Sorry to hear about your loss Djinn.


----------



## stevey293 (Aug 16, 2011)

If it goes a couple of days over the deadline i'll set up the poll for him. Just keep on posting your entries in this thread.


----------



## stevey293 (Aug 16, 2011)

Ooops two posts beat me. Sorry to hear that buddie.


----------



## AG. (Sep 28, 2010)

So sorry about that djinn. Hugs.


----------



## normtheunsavoury (Mar 20, 2008)

All painted, photos taken.

Which email am I sending them to?


----------



## AG. (Sep 28, 2010)

Not gonna finish in time, silly work!


----------



## normtheunsavoury (Mar 20, 2008)

You've only got until midnight tonight to get your entries in, how's everyone getting on?


----------



## stevey293 (Aug 16, 2011)

here is mine.

lifes been bust not even been on here in ages so I've not managed to base it. TBH alot of it isnt finished.


----------



## normtheunsavoury (Mar 20, 2008)

Here's mine























































Sorry it's a bit pic heavy, there's a lot of it to show!

-edit-

having had a closer look at Stevey's Dread, I would just like to say (again)

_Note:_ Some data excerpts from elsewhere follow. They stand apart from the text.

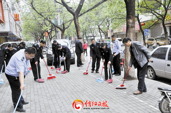 8日,一张信阳城管打扫街道的照片引发网友热议,照片中多名执法人员手持扫帚,围在不到20平米的人行道上打扫。网友们认为照片摆拍痕迹明显,质疑执法人员在作秀。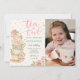 Pink Floral Tea For Two Birthday Photo Invitation.
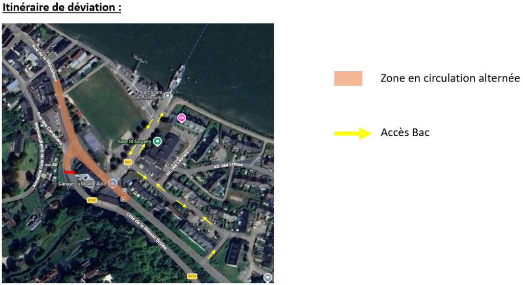 sur la même période lorsque l’accès sera réduit à hauteur de l’arrêt de bus « Route du bac ».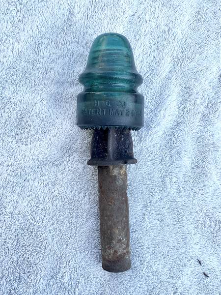Give me $8.00 plus shipping and this is yours, glass included as it seems to be stuck on quite well. For the record, there are a free drips missing, a couple dings, and a pot stone near the S in STANDARD. It is also the no period HG variety. If this doesn't sound good, I can make another offer on this one. Shoot me 8 bucks plus shipping on the insulator, and I'll throw in the pin for nothing!!!! |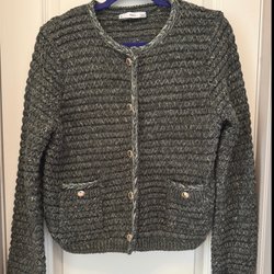 Mango kofta / cardigan, storlek M, grön och guldmelerad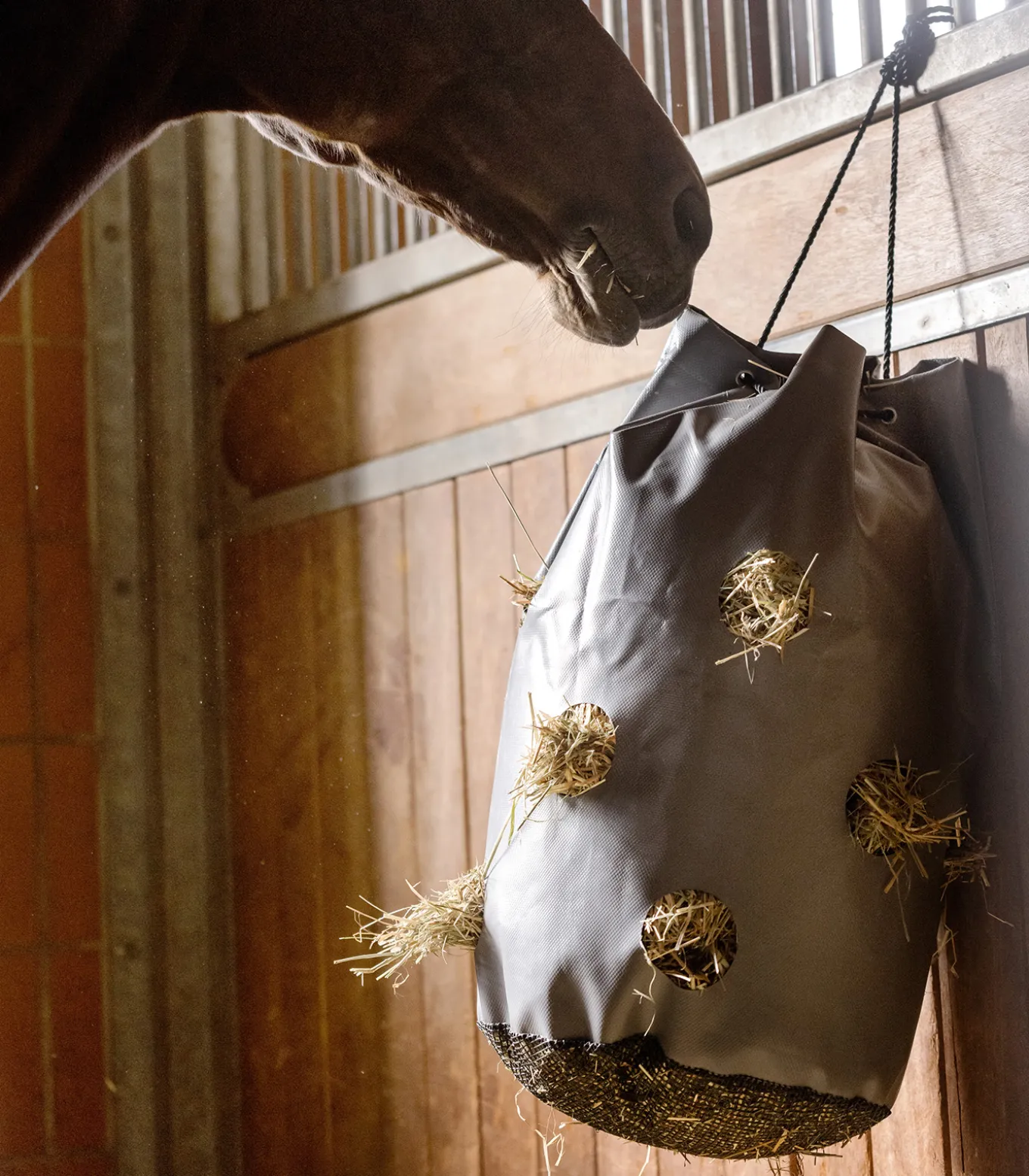Der Heusack bietet eine optimale Lösung für eine gesunde und nachhaltige Futteraufnahme. Mit 12 Löchern mit einem Lochdurchmesser von etwa 8 cm fördert er langsames, pferdegerechtes Fressen. Die glatte Materialoberfläche vorbeugt Verletzungen am Pferdemaul vor. Der Haybag von Waldhausen überzeugt durch seine einfache Befüllbarkeit und Reinigung, reduziert Heuverschwendung sowie Staubbelastung und sorgt dafür, dass Staub und Wasser durch den Netzboden herausfallen können. So atmet Ihr Pferd weniger Heustaub ein. Der Heusack kann bei Bedarf auch bewässert werden. Universell einsetzbar und leicht zu befestigen, vereint der Heusack viele Vorteile in einem Produkt und trägt zur gesunden und sauberen Fütterung bei.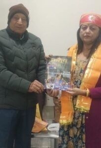 इसके साथ ही त्रिपाठी ने अलका पांडे को उदयपुर से प्रकाशित पारिवारिक सामाजिक पत्रिका का की प्रति भेंट कर उनका बहुमान किया।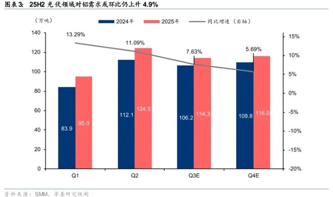 尽管市场担忧下半年需求下滑,但 SMM 数据显示,6-7 月光伏组件产量分别为 46.3GW、47.1GW,未出现大幅下降。测算显示,2025 年下半年光伏领域对铝需求环比将上升 4.9%,全年同比增速达 7.1%,成为需求增长的重要支撑。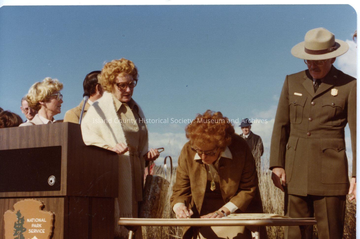 Reverse of photo shows date 10/29/80. On left: Lou Romeo, Marion Smith (watching signer), Roberta Smith (signer), Reed Jarvis (in uniform). National Park Service was a party to the signing.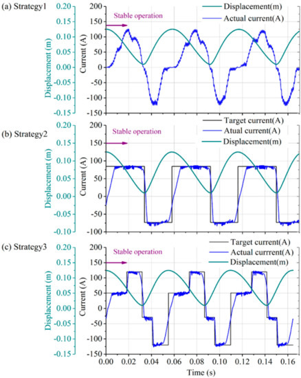 From Figure 16, the actual current changes under strategy 1 are proportional to the velocity of piston. Especially, the starting of expansion stroke, the change of the current is faster than other zones. The starting of compression stroke, the changes of currents under three control strategies are similar. The actual currents of strategy 2 and strategy 3 are following the reference currents, this states the power converter unit is effective to control the LEM armature current.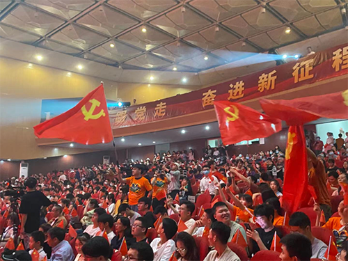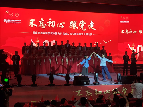 师生齐声唱响红歌,向观众展现了精彩亮眼的表演。
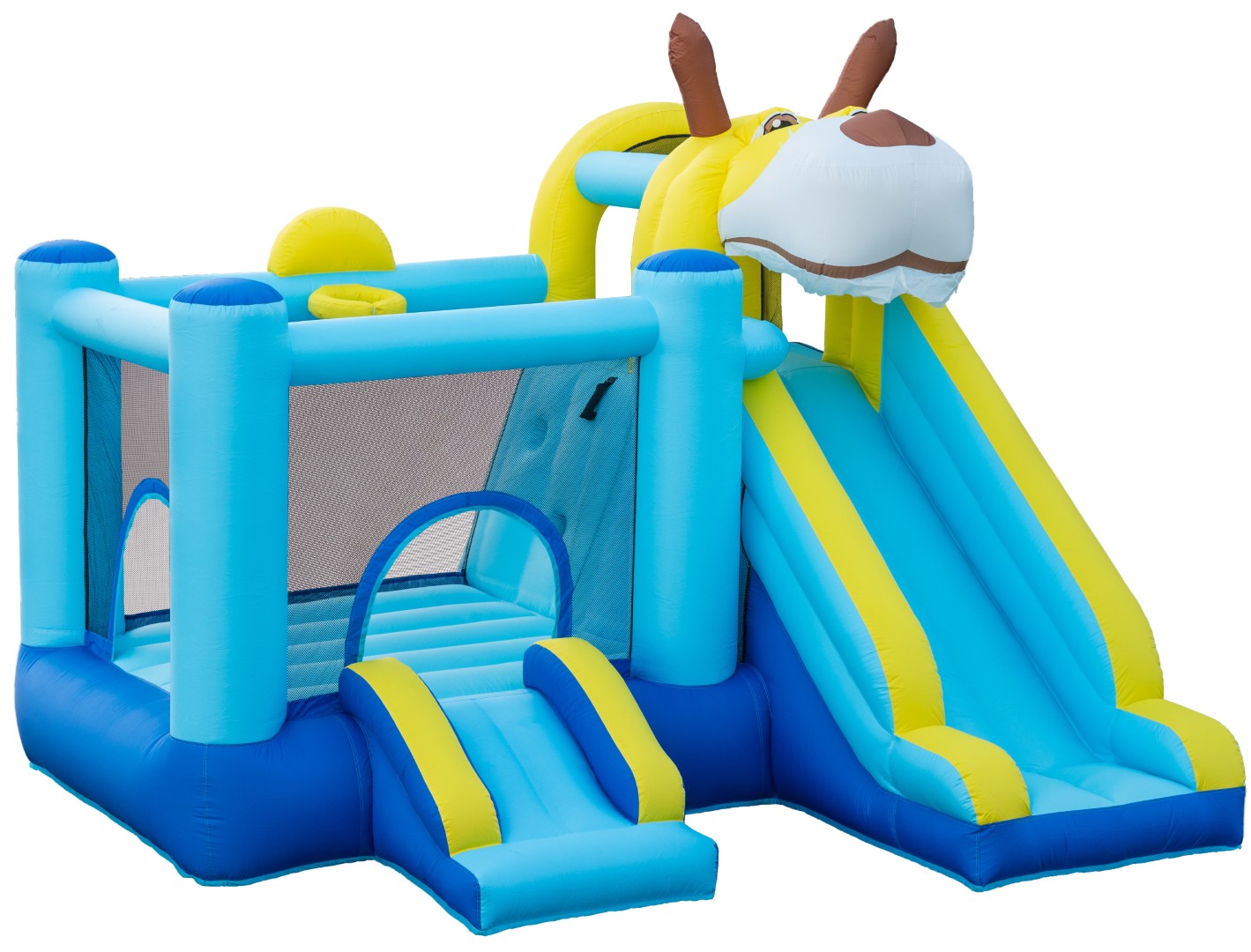 Lad børnenes fantasi flyve med vores farverige hoppeborg 'Hund'. Denne oppustelige legeplads er designet til at give timevis af sjov og aktivitet med både rutsjebane og basketballkurv. Det store hundeansigt på toppen tilføjer et ekstra element af sjov, der vil bringe smil frem hos alle børn.

I tried, but I think I know which way this is going!


----------



## Midge913 (Oct 21, 2010)

I really like your Grinder Norm!!!! The green skin could use maybe one more highlight, but I love the metallics and the lightning effect is sweet. Good work man!


----------



## normtheunsavoury (Mar 20, 2008)

I tried bring up the highlight on the skin but it made him look like green neon, not a bad effect but not the effect I was looking for. It's all a learning curve so I'll probably sit down with it again at some point in the future and try and bring up the highlights a bit more slowly.

Thanks for the comments!


----------



## stevey293 (Aug 16, 2011)

Should of shaded him down a wee bit. Or highlighted with mixed in kommando kaki.


----------



## GrimzagGorwazza (Aug 5, 2010)

Not gonna get done in time, sorry folks...real life is giving me too many deadlines of late.


----------



## Djinn24 (Jan 12, 2008)

Closes at midnight tonight (4.5 hour from this post). I will get the survey up tomorrow evening.


----------



## Djinn24 (Jan 12, 2008)

Is there any additional photos not posted in this thread? Someone emailed me some pics and I can not locate the email so please reemail them!


----------



## stevey293 (Aug 16, 2011)

Whens the voting thread go up?


----------



## Djinn24 (Jan 12, 2008)

Working on it now .


----------



## Djinn24 (Jan 12, 2008)

Stevey you realize you put two entries in and we only have two people who entered?


----------



## stevey293 (Aug 16, 2011)

The GUO was binned from it. Its the dreadnough im using.

Thought there was more tbh


----------



## normtheunsavoury (Mar 20, 2008)

Me too but hey ho, what can you do?


----------